Anthèmes 2 was mesmerizingly performed by Clio Gould, Sound Intermedia, and the IRCAM team of Carlo Laurenzi and Jérémie Henriot. I was more or less immediately struck by the Messiaenesque cast of some of the harmonies: something I did not recall noticing before. (Perhaps it was partly a matter of Messiaen having featured so strongly in some of the conference papers.) One hears different things at different times, of course, or at least one does in music worthy of repeated hearings. And from the very outset, I could not help but be seduced by Gould’s exquisite tone, arguably more Gallic in sonority than earlier performances I had heard from Michael Barenboim in Berlin and Carolin Widmann in Salzburg. Actually, there was something of the tennis match spectacular to the electronic to-and-froing, for instance in the second, pizzicato section, but only something, and this was certainly never a sonic ‘spectacular’ for its own sake.

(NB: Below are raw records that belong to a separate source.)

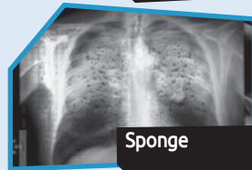
Annance n° 12
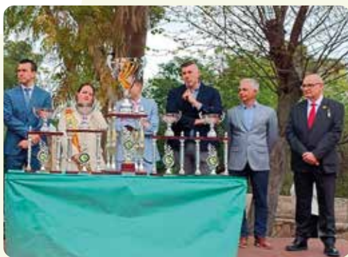
El diumenge de Rams representants de LA UNIÓ van participar al Concurs de l'Encisam d'Alberic i el lliurament de trofeus.
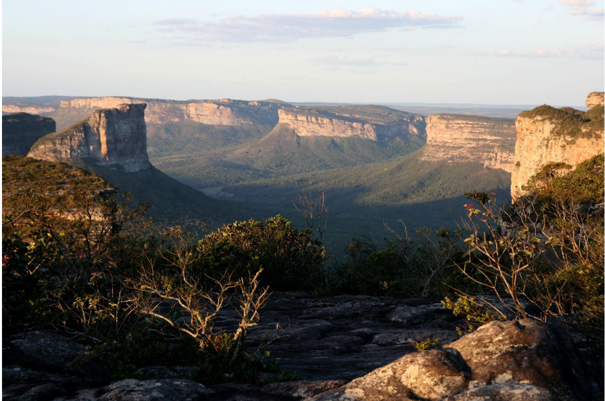
Vy från Chapada Diamantina, ett av de vackraste och mest varierade områdena i hela Brasilien.
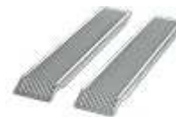
505 69 90-44 Lastramper

Lastramper av havsvattentålig aluminium med den välkända halkskyddsytan O3, som ger alla slags hjul ett gott grepp även i våta och hala miljöer. Lastramperna passar väl för användning på släpkärror med en maximal höjd om 700 mm och för en total belastning om 450 kg per par. Ramperna säljs i par. Dimensioner: 200x2000x50 mm.
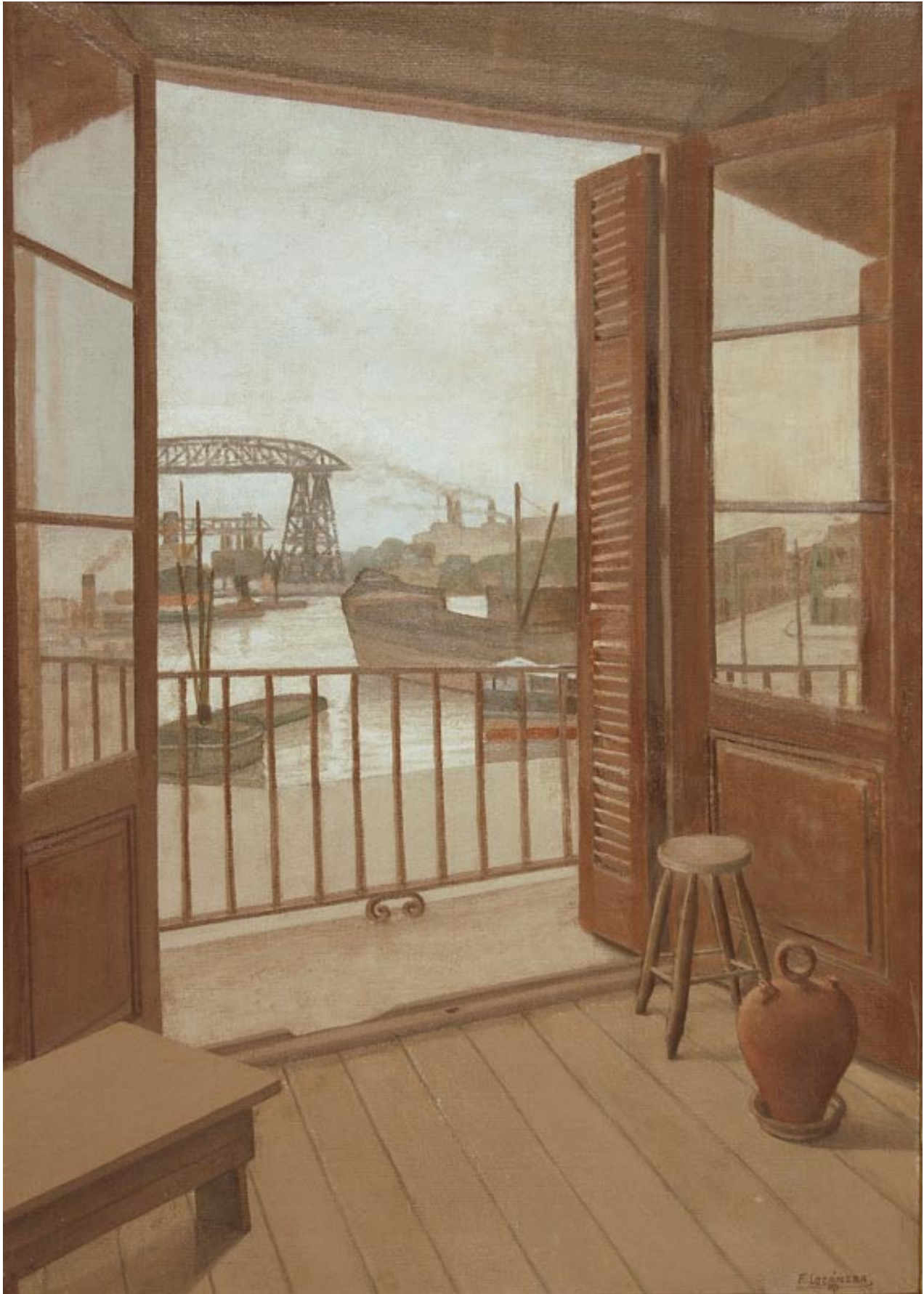
Obra 1 / Fortunato Lacámara Desde mi estudio
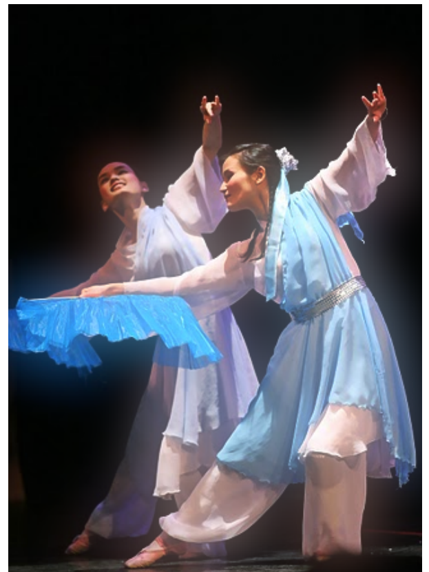
杜克情,中国魂,点睛一笔是蛟龙。

在此，DCSSA对所有积极关注我们成长和热心帮助我们文化形象构建的老师、同学和校友们表示最诚挚的谢意！
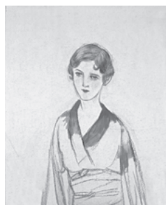
《着物の女》 1931~1933 (昭和6~8) 年

※当日9時30分から展覧会当日券売り場で整理券を配布します。無くなり次第、配布終了。
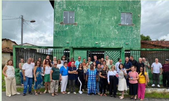
Templo da I. P. Bacabeiras
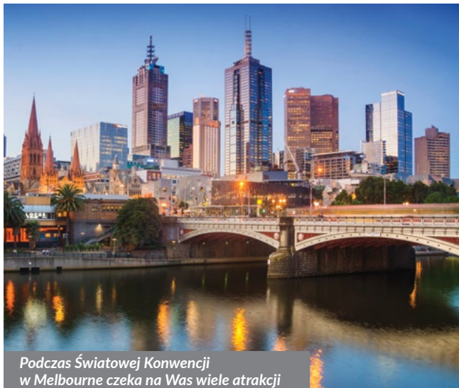
Podczas Światowej Konwencji w Melbourne czeka na Was wiele atrakcji
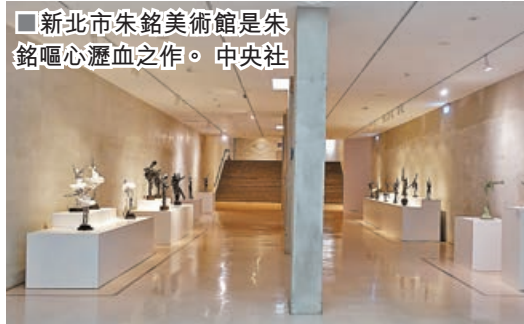
■新北市朱銘美術館是朱銘嘔心瀝血之作。

主題。如果我的主題是情慾，也要娶很多老婆。」他笑說，「畢加索很偉大，但他跟我沒有關係。」所以一路學雕塑，也一路在丟棄，丟棄別人的影子，騰出空間，讓自己的思想壯大。他也丟老師的影子，丟了李金川後，丟楊英風，然後連自己的也丟，丟民間雕刻，丟太極……這才有空間創新。
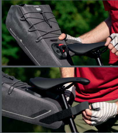
2 point fixation
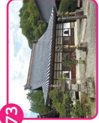
24 正福寺(千人塚) 上田市
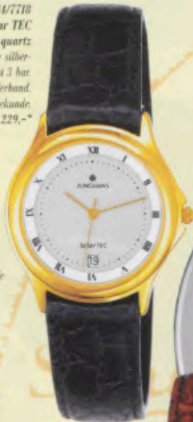
Modell 014/7719 Junghans Solar TEC quartz

Gehäuse gelbvergoldet, Solarzelle silbergrau, Mineralglas, Wasserdicht 3 bar, Datum-Schnellkorrektur, Lederband, Cabouchon-Krone, Sekunde. DM 229,-*
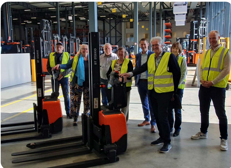
Vertegenwoordigers van Voedselbanken Land van Cuijk en Almelo hebben ieder een elektrische stapelaar in ontvangst genomen van Toyota Material Handling in Ede
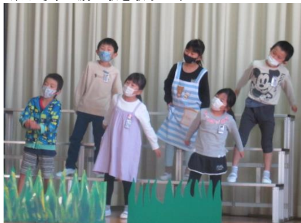
楽しそうに劇の歌を歌う2年生
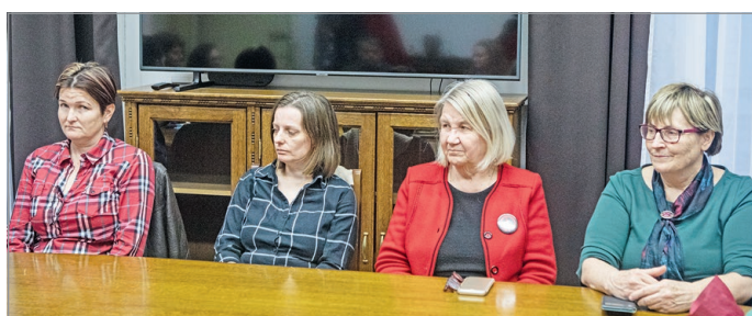
A program résztvevői.

Felső-Majláthtól kezdve a Kilián-délen és az Avason át egészen Tapolcáig, összesen tizenkét közterületet fogadtak örökbe miskolci vállalkozók és helyi civilek. Elkötelezettségükért és önkéntes munkájukért a következők mondtak köszönetet az alpolgármesteri tárgyalóban: Ta-
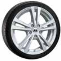
1. HMD01 silber 6,5x16" ET45 5x114,3 999XF02032106 7,0x17" ET47 5x114,3 999XF02042106
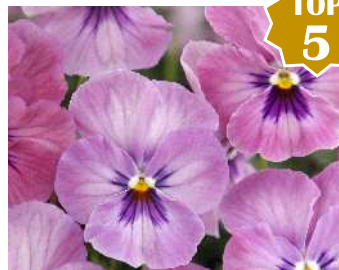
ローズピンク ローズからピンクの濃淡があるシェードタイプ。
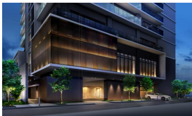
カーアプローチ完成予想図
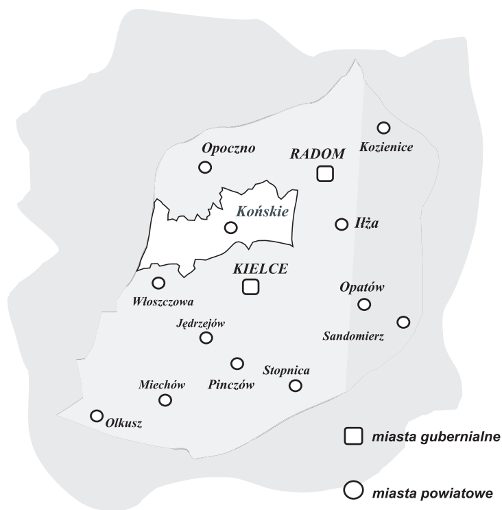
Podział administracyjny Guberni Radomskiej i Kieleckiej w 1867 roku.

Najstarsze ślady osadnictwa na terenie samych Końskich pochodzą z XI wieku, jednak pierwsze źródła pisane dotyczące osady, powstały w XII wieku (1124 r.), kiedy to właścicielem Końskich był możny ród Odrowążów. To oni ufundowali kościół, wokół którego ukształtowało się przyszłe miasto.

Electronics did not merely impress, though; they haunted, too, providing an endlessly fascinating envelope and penumbra for the soloist. Gould’s reading was sharply characterised, offering both contrast and unity, within a fine narrative – for this is, amongst many other things, musical drama – framework: it was playful; it was still; it was so much in between, often all at the same time. One sensed composer and musicians reaching for the skies, very much in line with Boulez’s conception of serialism as an endlessly expanding universe. Instrumentally, one could sense the potential for a full-scale concerto (Anthèmes 3, for violin, orchestra, and electronics, is eagerly awaited), yet at other times one heard a solo work, at others a duet, at others still a successor to the Bach sonatas for violin and continuo. Horizons are for Boulez always there to be expanded. The Queen Elizabeth Hall proved an excellent space for the work and its projection: superior, at least in that respect, both to the Staatsoper Unter den Linden (hardly surprisingly!) and to the the Salzburg Mozarteum’s Solitär space.

This would also be the evening when, long having been fascinated by …explosante-fixe…, I came truly to fall in love with it: surely at least in part a consequence of an equally mesmerising performance from John Cox, electronics again, the London Sinfonietta (including flautists, Helen Keen and Rebecca Larsen), and Péter Eötvös. It might have been a much smaller ensemble than that Boulez employs for his ongoing Notations, but such were the initial and subsequent exultancy that it did not necessarily sound so. Throughout, this would prove a veritable garden of delights – and of almost Haydn-like invention: so many possibilities, some taken, some doubtless remaining. The flute is an instrument I can soon tire of, but not here, not in the slightest. One of the conference papers had suggested that we might profitably understood much of Boulez’s music as being ‘about’ music, but that was not how it sounded here; if anything, this was closer to the ‘absolute’ music of German Romantic æsthetics: music, pure if far from simple. Arnold Whittall’s description of Boulez’s latter-day ‘modern classicism’ came to mind. If Stockhausen in his electronic music claimed to be writing from, for, or to outer space, Boulez proved more evocative of another world, aspirant, fantastic – and, of course, seductive. By the time we returned, or rather turned, to the final ‘Originel’ – generative, but concluding – we seemed to hark back to the delicacy of earlier tombeaux: Debussy, Ravel, even Rameau. The material was transformed by what it had earlier become. Lighting – or rather dimming – was sensitively employed for the ‘purely’ electronic music: it made a point without becoming the point. This must qualify as one of the most exciting Boulez performances I have heard, showing up the nasty carping, whether in France or elsewhere, Boulez and his music still endure, as the risible product of ignorance and envy.